Der Arte-Krimi "Mit innerer Überzeugung" basiert auf der wahren Geschichte eines französischen Gerichtsmediziners, der in letzter Instanz trotz zahlreicher belastender Indizien vom Totschlag an seiner Frau freigesprochen wurde. Zuschauer konnten den Prozess im Internet fortspinnen, der Abschluss sollte im März ausgestrahlt werden. Dies hat ein französisches Gericht nun verboten.
Ein französisches Gericht hat in einem Eilverfahren die weitere Ausstrahlung des interaktiven Arte-Krimis "Mit innerer Überzeugung" verboten. Die zuständige Richterin gab damit der Klage eines früheren Gerichtsmediziners statt, der jahrelang des Mordes an seiner Frau verdächtigt wurde. Der mysteriöse Todesfall aus dem Jahr 1999 und die anschließenden Ermittlungen gegen den Franzosen hatten als Vorlage für den Mix aus Fernseh- und Internetproduktion gedient.
Die Anwälte des Mannes argumentierten vor dem Pariser Gericht, der Krimi stelle die Unschuld ihres Mandanten infrage. Der Mediziner war 2013 nach zwei Verurteilungen zu 20 Jahren Haft in letzter Instanz freigesprochen worden. Er gab stets an, seine Frau habe sich selbst getötet.
Interaktive Verhandlungen im Internet
Der deutsch-französische Fernsehsender Arte kündigte noch am Donnerstagabend an, die Gerichtsentscheidung zu respektieren. Man bedauere, das innovative Projekt vorzeitig einstellen zu müssen, hieß es in einer Stellungnahme. Die Produktionsfirma Maha Productions kündigte an, gegen das Verbot Einspruch zu erheben. "Diese Verfügung ist echte Zensur", sagte Anwalt Christophe Bigot nach Angaben der Nachrichtenagentur AFP.

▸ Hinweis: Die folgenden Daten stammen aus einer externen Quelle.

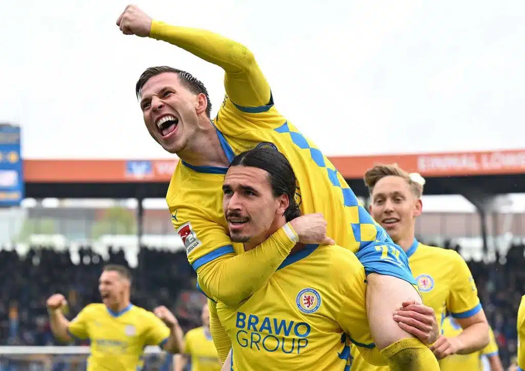 Aktuell ist die Eintracht mit Preußen Münster punktgleich, hat jedoch das deutlich schlechtere Torverhältnis aufzuweisen. Heißt: Die Löwen müssen zuhause mehr Punkte holen als Münster in Ulm. Sollte sich zwischen Braunschweig und Nürnberg sogar die Prognose auf den Heimsieg bezahlt machen, bestünde zudem die Chance, an der Spielvereinigung Greuter Fürth vorbeizuziehen, sofern das Kleeblatt zuhause nicht den HSV bezwingt.

Der TV-Krimi mit Schauspielern wie Marie Bäumer und Philippe Torreton lief bereits am 14. Februar bei Arte, das Ende des Falls war aber eigentlich erst für Anfang März vorgesehen. Bis dahin sollte auf der Internetseite zum Film eine Webserie laufen, die tagtäglich den abschließenden Prozess behandelt. Die Personen des Films wurden dort mit aus dem Internet ausgewählten Geschworenen und wirklichen Juristen konfrontiert. Sie konnten den Anhörungen folgen, Beweisstücke analysieren und ihre Meinung mitteilen. Zielsetzung sei es gewesen, einen besseren Einblick in die Arbeit der Justiz zu geben, kommentierte Arte.
Der Fall des früheren Mediziners und seiner 1999 erschossen aufgefundenen Frau hatte in Frankreich über Jahre hinweg Schlagzeilen gemacht. Zwei Mal hatten Gerichte den Mann schuldig gesprochen, weil zahlreiche Indizien gegen einen Selbstmord und für ein Tötungsdelikt sprachen. So wurden auf dem als Tatwaffe genutzten Revolver keine Fingerabdrücke und an den Fingern der Toten ungewöhnlich wenige Schmauchspuren entdeckt.

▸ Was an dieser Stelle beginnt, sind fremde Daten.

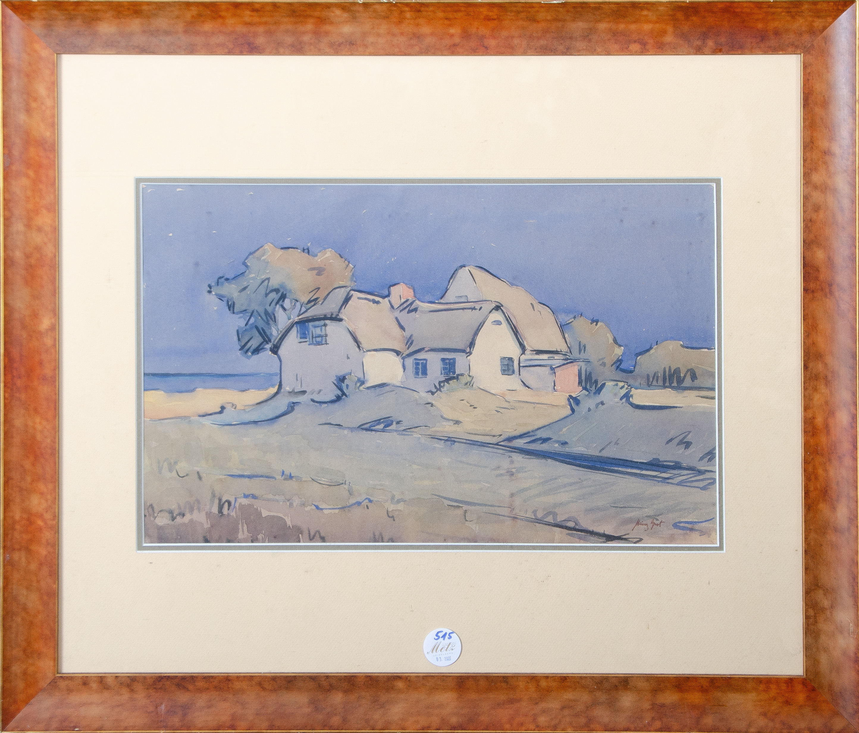 - Katalog-Nr: 515Heinz Grot (1901-1995). „FISCHERHAUS b. NIEBLUM a. FÖHR“. Aquarell/Karton, re./u./sign., mit Passepartout hi./Gl. gerahmt, 50 x 60 cm.o.L.

Arte-Krimi hätte auch mit einem Schuldspruch enden können
Die 42-Jährige hatte zudem gerade erst eine Affäre mit einem anderen Mann begonnen und wurde von Angehörigen als keineswegs hochgradig depressiv beschrieben. Dies hatte ihr Ehemann behauptet.
Die Ermittler waren überzeugt, dass der als gerichtsmedizinischer Experte bekannte Arzt mit seinem Fachwissen einen Mord als Selbstmord dargestellt hatte. Ein Geschworenengericht bewertete in letzter Instanz allerdings die Zweifel an seiner Schuld höher. In dem interaktiven Arte-Krimi hätte es ein anderes Urteil geben können.
Manch ein Kritiker dürfte über die Absetzung hingegen nicht so traurig sein. "Arte verheddert sich", hatte beispielsweise die FAZ zu dem Projekt kommentiert. Der Balanceakt zwischen Zweifel und Gewissheit sei häufig recht ungeschickt in Szene gesetzt. Zumindest das französische Publikum zeigte sich allerdings sehr interessiert.
1,4 Millionen Menschen sahen dort den TV-Film - für den Kultursender ein Riesenerfolg.